Core challenges you’ll face:

Address parsing (Tag/Index/Offset extraction) → maps to understanding cache address translation
Replacement policy implementation (LRU, FIFO, Random) → maps to understanding eviction strategies
Trace processing and statistics collection → maps to understanding cache performance metrics

Real World Outcome

You’ll produce a command-line tool csim that takes a memory trace and simulates cache behavior:

$ ./csim -v -S 4 -E 2 -b 4 -t traces/yi.trace
L 10,1
 cache [0][0] 0x0 miss
L 18,1
 cache [0][1] 0x8 miss
S 18,1
 cache [0][1] 0x8 hit
L 22,1
 cache [1][0] 0x2 miss evict
L 2d,1
 cache [1][1] 0xd hit
L 4,4
 cache [0][0] 0x0 miss
L 2c,4
 cache [1][1] 0xc miss evict
L 2d,1
 cache [1][0] 0xd hit

Summary:
hits:2 misses:4 evictions:2

The Core Question You’re Answering

“How do CPU cache lines, index bits, and tag bits determine whether a memory access hits or misses?”

Before coding, understand this completely. A cache miss isn’t random—it’s determined by arithmetic on address bits.

Concepts You Must Understand First

Cache Geometry & Addressing
- What does “S=4, E=2, b=4” mean for a cache?
- How many bits for index, offset, and tag?
- Book Reference: CS:APP 3e Ch. 6, Sec. 6.1-6.2
Memory Access Traces
- How to parse “L 10,1” (Load 1 byte at 0x10)?
- Book Reference: CS:APP 3e Ch. 6, Sec. 6.6
Replacement Policies
- LRU: evict the least recently used line
- How to track ordering efficiently?
- Book Reference: CS:APP 3e Ch. 6, Sec. 6.2

Questions to Guide Your Design

Address Decomposition: Given address 0x1A34 with S=16 sets and b=4 offset bits, what are index and tag bits?
Hit vs Miss: How do you determine if an address is in the cache using only set index and tag?
Eviction: How do you track which line is “least recently used” without expensive data structures?

Thinking Exercise

Cache Address Mapping

Given S=4 sets, E=2 lines/set, b=3 offset bits:

Address 0x1A5 (binary: 11010100101)

Offset (bits 0-2): 101 = 5
Index (bits 3-4): 10 = 2
Tag (bits 5-10): 110101 = 53

So 0x1A5 maps to set 2 with tag 53.

Questions:

If 0x1AA arrives next, where does it map?
If 0x1A5 arrives again, does it hit the same line?
How many consecutive addresses map to the same set?
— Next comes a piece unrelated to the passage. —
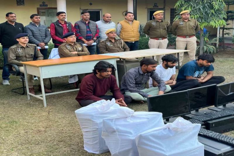 जयपुर। शिप्रापथ थाना पुलिस और साइबर सैल की संयुक्त कार्रवाई में ई-मित्र की आइडी देने के नाम पर फर्जी कॉल सेंटर चलाकर 15 लाख रुपए ठगने वाले चार आरोपियों को गिरफ्तार किया गया है। पुलिस ने इनके पास से 9 मोबाइल फोन, 13 कम्प्यूटर, 1 लैपटॉप, वाईफाई डिवाइस, बायोमेट्रिक मशीन और 78 हजार रुपए नकद जब्त किए हैं। पुलिस ने यह कार्रवाई साइबर शील्ड अभियान (2-31 जनवरी) के तहत की।

The Interview Questions They’ll Ask

“Explain how address bits map to cache index and tag. What if two addresses have the same index but different tags?”
“What’s the difference between a cold miss, capacity miss, and conflict miss?”
“How would you implement LRU replacement efficiently without a linked list?”
“If a cache has 16 sets, 4 lines/set, 64-byte lines, how many bytes total? What’s the address decomposition?”
“Why might increasing cache size not always improve hit rate?”

Hints in Layers

Hint 1: Address Decomposition Address bits aren’t just numbers—they’re structured. Rightmost bits are byte offset within a line. Next bits are set index. Remaining bits are tag. Write a function extracting all three.

Hint 2: Cache Data Structure Use a 2D array: cache[S][E]. Each element stores: valid bit, tag, and timestamp for LRU tracking.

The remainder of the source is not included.